In the records that follow, find the line containing "Jpanese Fighter aircraft" and the line containing "Street Gamblers, circa", then transcribe both and every line between them exactly, omitting pictures.

**Supplied records**
━━━━

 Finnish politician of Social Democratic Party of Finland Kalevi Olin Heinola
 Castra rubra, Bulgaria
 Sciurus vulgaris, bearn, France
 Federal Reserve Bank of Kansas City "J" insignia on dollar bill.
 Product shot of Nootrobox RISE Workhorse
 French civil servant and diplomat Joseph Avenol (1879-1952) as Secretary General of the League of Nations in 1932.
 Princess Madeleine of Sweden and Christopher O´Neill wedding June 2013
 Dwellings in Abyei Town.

━━━━

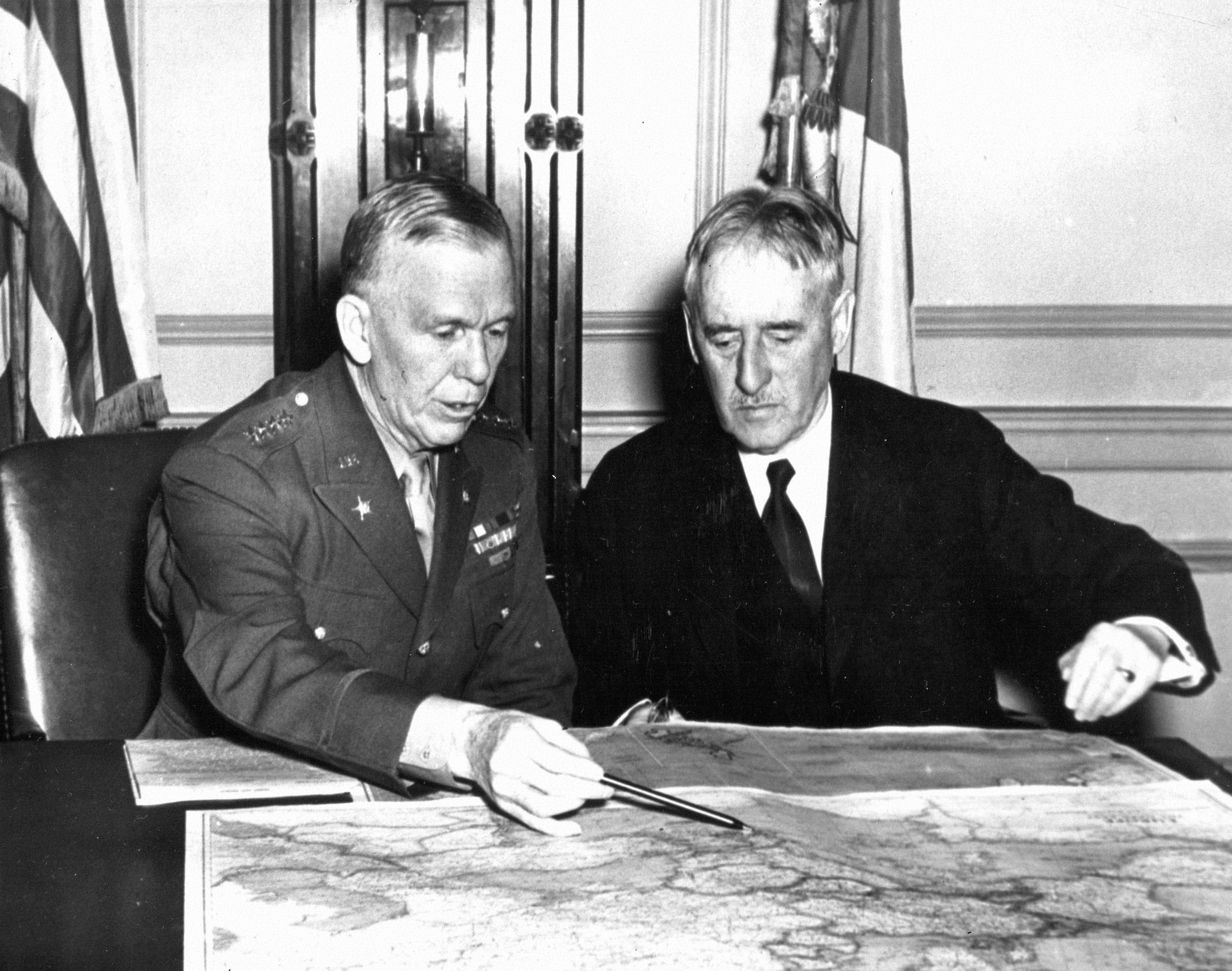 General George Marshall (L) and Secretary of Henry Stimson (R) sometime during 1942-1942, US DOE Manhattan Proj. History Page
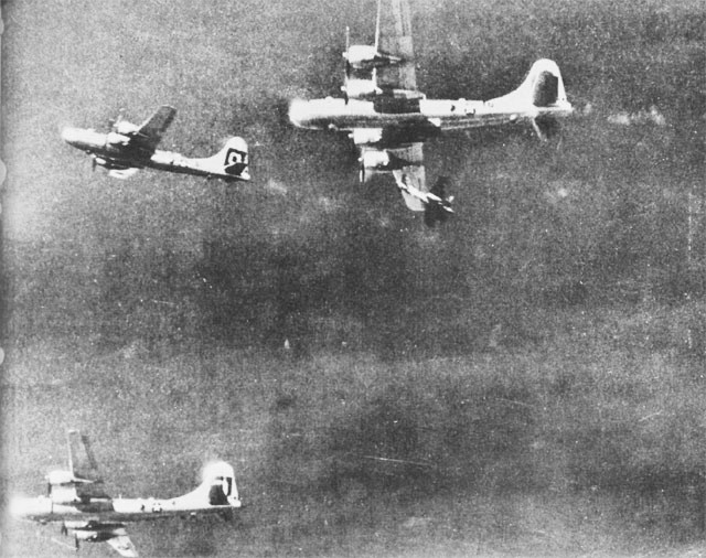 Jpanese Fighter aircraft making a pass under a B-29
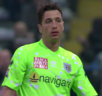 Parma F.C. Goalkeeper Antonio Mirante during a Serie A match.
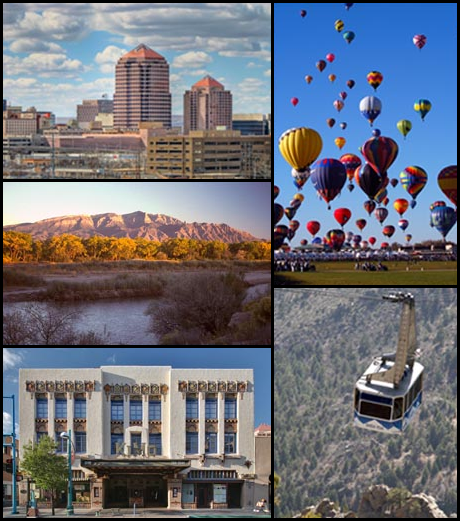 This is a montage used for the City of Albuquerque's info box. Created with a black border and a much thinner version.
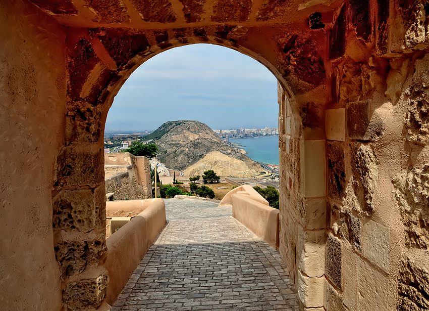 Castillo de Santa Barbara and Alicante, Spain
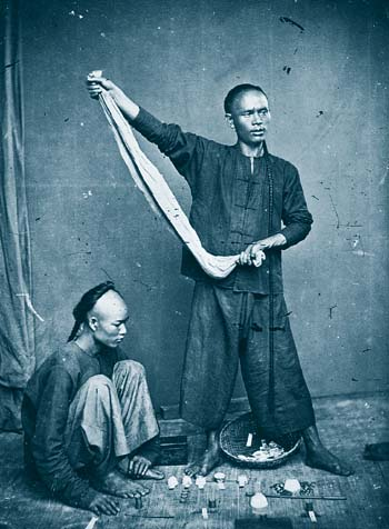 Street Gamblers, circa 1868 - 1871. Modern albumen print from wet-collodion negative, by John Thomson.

━━━━

**Answer below**
 Jpanese Fighter aircraft making a pass under a B-29
 Parma F.C. Goalkeeper Antonio Mirante during a Serie A match.
 This is a montage used for the City of Albuquerque's info box. Created with a black border and a much thinner version.
 Castillo de Santa Barbara and Alicante, Spain
 Street Gamblers, circa 1868 - 1871. Modern albumen print from wet-collodion negative, by John Thomson.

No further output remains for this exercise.